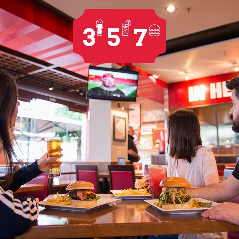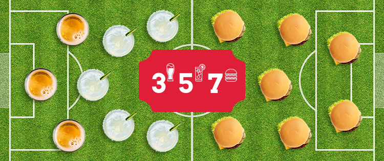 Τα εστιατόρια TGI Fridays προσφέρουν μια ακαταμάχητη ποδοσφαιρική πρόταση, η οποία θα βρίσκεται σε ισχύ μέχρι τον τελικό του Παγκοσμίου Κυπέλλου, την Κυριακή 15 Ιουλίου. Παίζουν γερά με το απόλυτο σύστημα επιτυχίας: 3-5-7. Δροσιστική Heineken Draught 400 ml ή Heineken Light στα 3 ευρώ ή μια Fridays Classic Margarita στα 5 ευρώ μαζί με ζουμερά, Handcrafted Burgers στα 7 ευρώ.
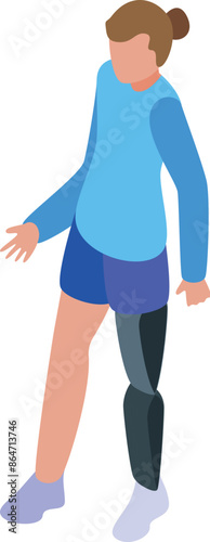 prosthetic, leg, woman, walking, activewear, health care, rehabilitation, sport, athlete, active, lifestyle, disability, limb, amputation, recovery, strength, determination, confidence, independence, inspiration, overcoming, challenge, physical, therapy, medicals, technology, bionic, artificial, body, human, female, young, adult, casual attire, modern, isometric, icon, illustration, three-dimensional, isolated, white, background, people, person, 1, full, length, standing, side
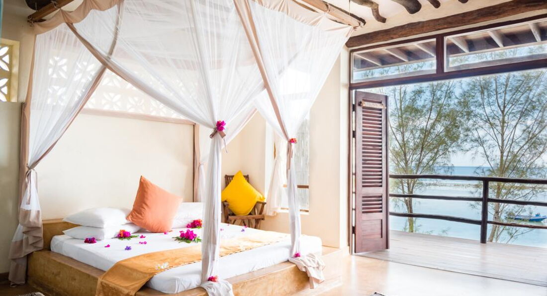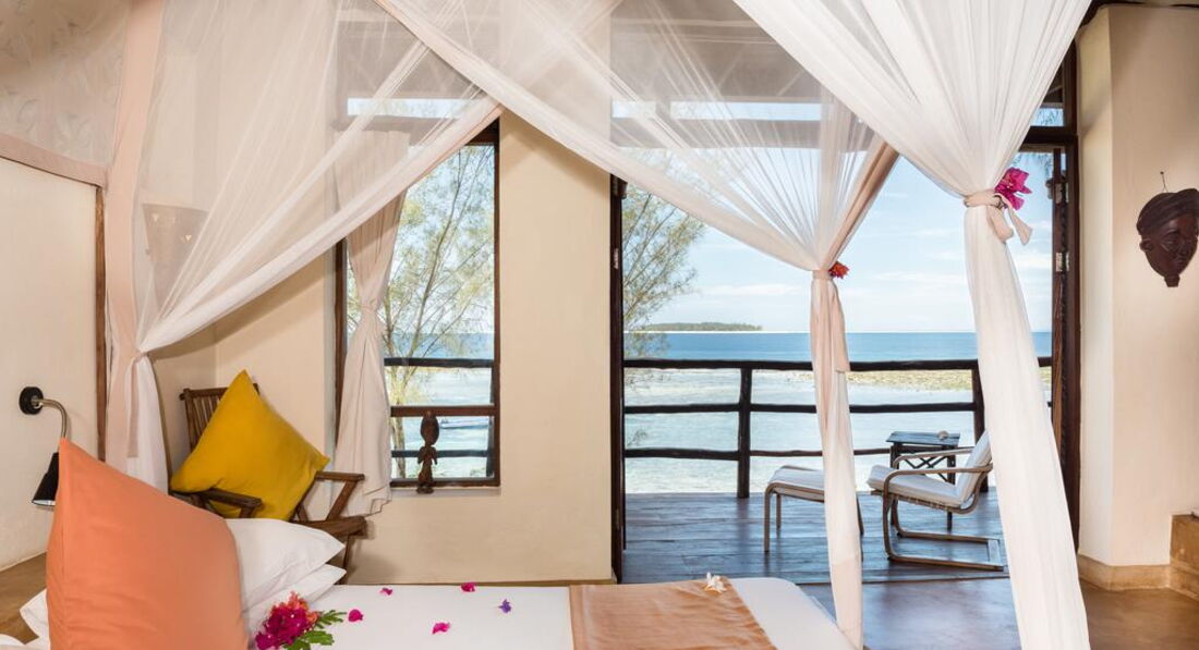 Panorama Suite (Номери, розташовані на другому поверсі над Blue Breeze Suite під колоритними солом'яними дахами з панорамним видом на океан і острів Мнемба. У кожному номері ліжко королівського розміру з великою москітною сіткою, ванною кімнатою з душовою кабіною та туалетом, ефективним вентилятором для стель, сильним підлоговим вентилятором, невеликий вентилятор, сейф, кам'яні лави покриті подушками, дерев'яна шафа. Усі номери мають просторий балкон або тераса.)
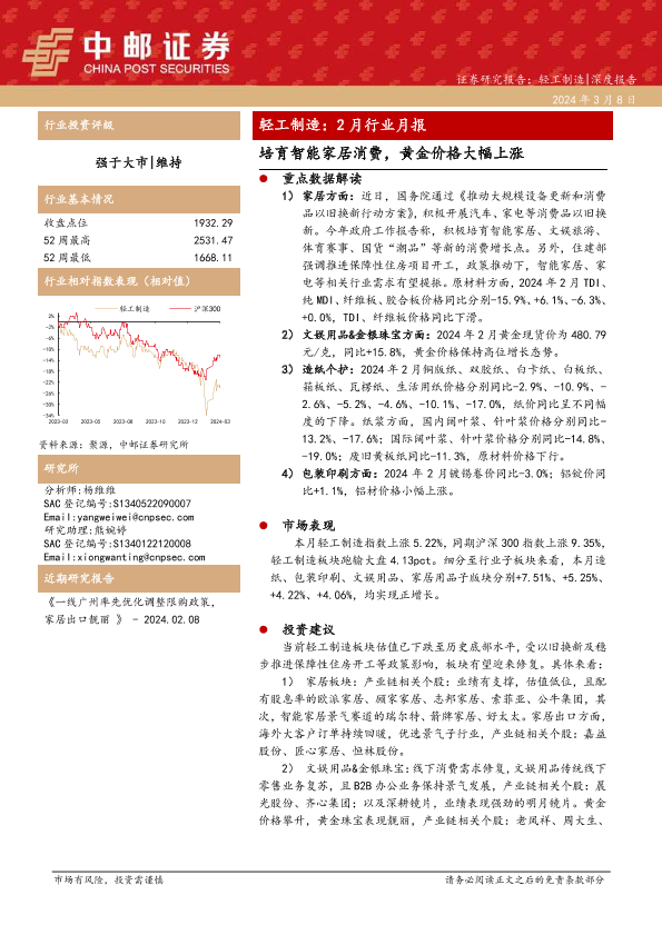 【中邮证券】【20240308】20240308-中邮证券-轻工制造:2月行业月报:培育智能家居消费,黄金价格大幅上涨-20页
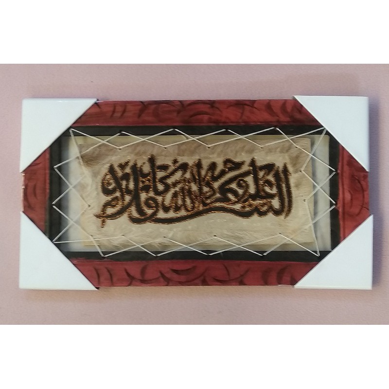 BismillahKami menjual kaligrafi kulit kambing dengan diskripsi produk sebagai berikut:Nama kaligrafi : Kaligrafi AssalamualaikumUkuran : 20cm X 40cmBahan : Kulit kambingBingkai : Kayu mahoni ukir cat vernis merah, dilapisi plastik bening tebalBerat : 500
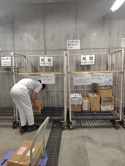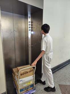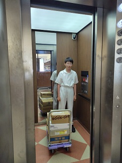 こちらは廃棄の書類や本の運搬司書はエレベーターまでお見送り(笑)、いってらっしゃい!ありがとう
= = = = = = =
*PROBLEM STATEMENT*
All lines between the one that contains "Panorama Suite (Номери, розташовані" and the end of the records above, both included, are to be returned exactly as they stand, except for pictures, which are omitted.

*FINAL ANSWER*
 Panorama Suite (Номери, розташовані на другому поверсі над Blue Breeze Suite під колоритними солом'яними дахами з панорамним видом на океан і острів Мнемба. У кожному номері ліжко королівського розміру з великою москітною сіткою, ванною кімнатою з душовою кабіною та туалетом, ефективним вентилятором для стель, сильним підлоговим вентилятором, невеликий вентилятор, сейф, кам'яні лави покриті подушками, дерев'яна шафа. Усі номери мають просторий балкон або тераса.)
 【中邮证券】【20240308】20240308-中邮证券-轻工制造:2月行业月报:培育智能家居消费,黄金价格大幅上涨-20页
 BismillahKami menjual kaligrafi kulit kambing dengan diskripsi produk sebagai berikut:Nama kaligrafi : Kaligrafi AssalamualaikumUkuran : 20cm X 40cmBahan : Kulit kambingBingkai : Kayu mahoni ukir cat vernis merah, dilapisi plastik bening tebalBerat : 500
 こちらは廃棄の書類や本の運搬司書はエレベーターまでお見送り(笑)、いってらっしゃい!ありがとう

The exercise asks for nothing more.